“El mejor huevo frito es un par de huevos fritos”, parte diciendo el crítico gastronómico Ruperto de Nola en su libro La cocina canalla. Recetas de taberna, bistró y otras picadas (2018, Catalonia). “Quien es capaz de comerse uno solo, es capaz también de matar a su madre”, añade como una declaración de principios, acaso una apología a la cantidad necesaria de la proteína animal.
A pesar de su sencillez el huevo frito exige perfección. Ya de entrada aparece la primera bifurcación: ¿mantequilla o aceite de oliva?
Según el crítico, “la mantequilla como que refuerza el sabor natural del huevo. El aceite de oliva, cuando es equilibrado y suave, lo enriquece”. ¿Con qué quedarse? “Con ninguno en exclusiva: altérnelos”.
De Nola recomienda calentar bien el huevo “de manera que la clara se fría y dore por debajo y los bordes comiencen a encarrujarse ligeramente, de modo que se le desarrolle en torno un encantador encaje dorado”.
Una advetencia antes de continuar con la receta: “Un huevo frito lacio, blanco, es fatal”, dice el crítico.

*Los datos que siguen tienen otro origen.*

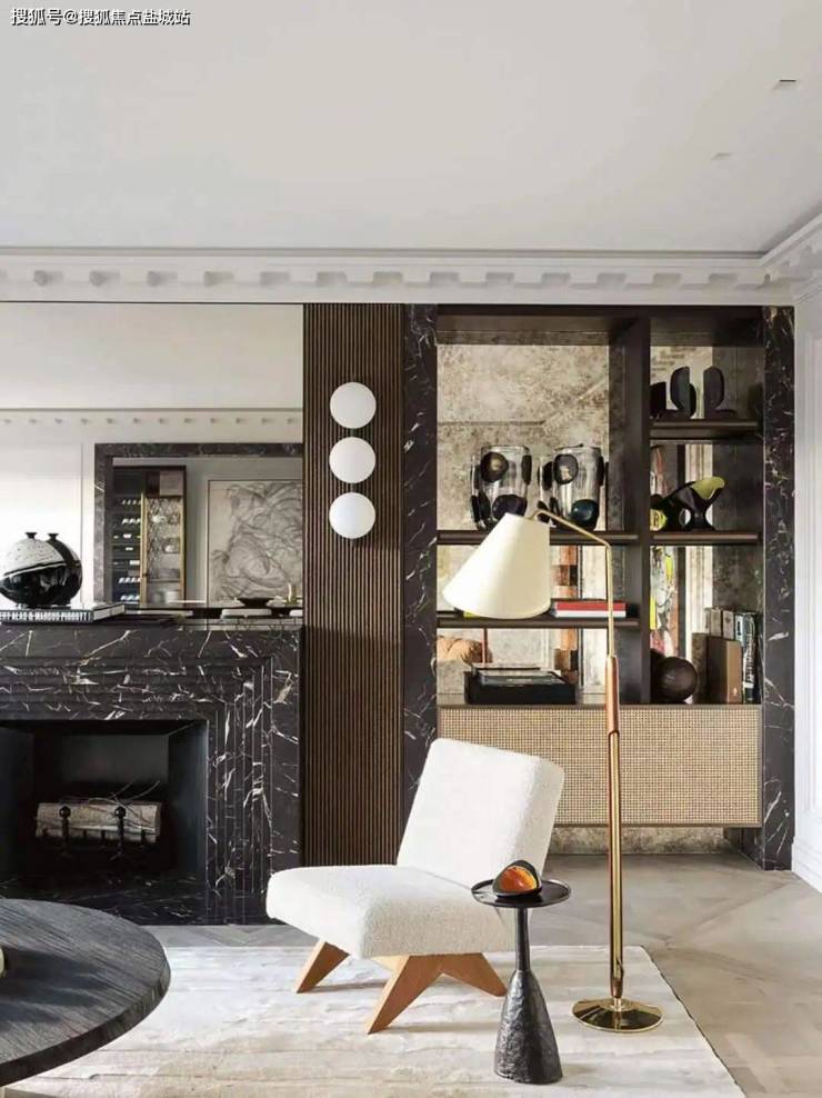 客餐厅三段式功能布局,空间连贯一览无余,让豁亮的心情又无法抗拒。梅维拉的雾化壁炉前是一对单体沙发,既是端景也是空间最好的分割线,一边是家人闲坐,一边是会客品茗。地面满铺鱼骨拼木地板,米黄色编制墙布搭配仿金属漆的星空造型图案,精致又神秘,在13m进深的采光落地窗下,即使再挑剔,也没了脾气。
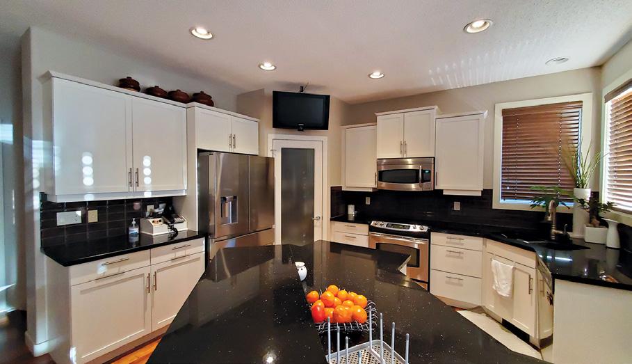 maximized the potential of their twostorey home with walk-out basement. The backyard is a great entertaining place, the basement has become a stylish and comfy entertainment/gym/ home office combo.
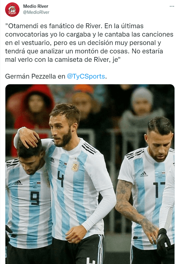 En ese contexto, un exjugador de River puso más “manijas” a los hinchas con sus recientes declaraciones en TyC Sports. Germán Pezzella fue consultado por la posible llegada de su compañero de selección al club de Núñez y el zaguero se permitió bromear.”Otamendi es fanático de River. En la últimas convocatorias yo lo cargaba y le cantaba las canciones en el vestuario”, contó.
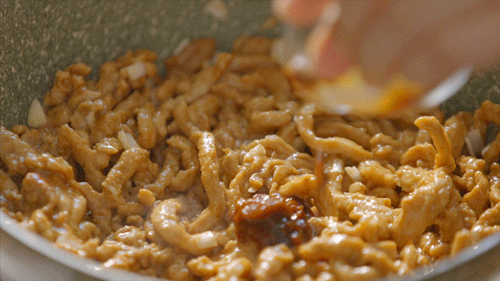 起油锅,中火把肉丝煸至变色,加入葱蒜末爆香。传统做法要另起一锅爆香酱料,在家里做可以简化步骤,直接加入豆瓣酱、甜面酱、糖、蚝油、料酒,翻炒均匀。

Y hay también que cocer la yema, continúa: "Para eso, la cantidad de grasa usada debe alcanzar para que, inclinando el tiesto donde se fríe el huevo, se pueda, con una cuchara, recogerla y vaciarla repetidas veces sobre la yema, hasta que se forme sobre esta un ligero velo apenas opaco".
“Ahí está el huevo bien frito”, concluye y ejemplifica con la pintura Vieja friendo huevos (1618) del español Diego Velásquez, donde una señora fríe un par de huevos en una pailita de greda mientras un curioso chiquillo le acerca el aceite. “¿Qué es lo que hace? Pues, con una cuchara vierte aceite sobre la yema”.
Sobre la presentación
Si en algunas partes llaman al huevo frito “huevo al plato”, Ruperto de Nola asegura que el mejor cuenco para un huevo frito es una rebanada no muy gruesa de pan. ”Idealmente, de pan de campo y, mejor todavía, de pan amasado”, apunta con precisión de entomólogo.
Luego sigue: “Compre esos panes amasados individuales que ahora se venden en panaderías, córtelos en el sentido del ancho y, sobre la mitad de abajo, previamente tostada (no mucho) y, si quiere, enmantequillada (o pincelada con aceite de oliva), deposite los huevos”.
Luego, sal. Solo sal.
Al cierre, el crítico que dispara en sus reseñas contra la cocina molecular y la moda de los restaurantes de vanguardia, acaso como un detalle imperdible para cualquier sibarita que se precie de tal, repara en un singular agregado. Un añadido mínimo pero interesante: “Sobre cada yema deje caer una gota (dos, como absoluto máximo, casi excesivo) de jugo de limón”. Y al ataque.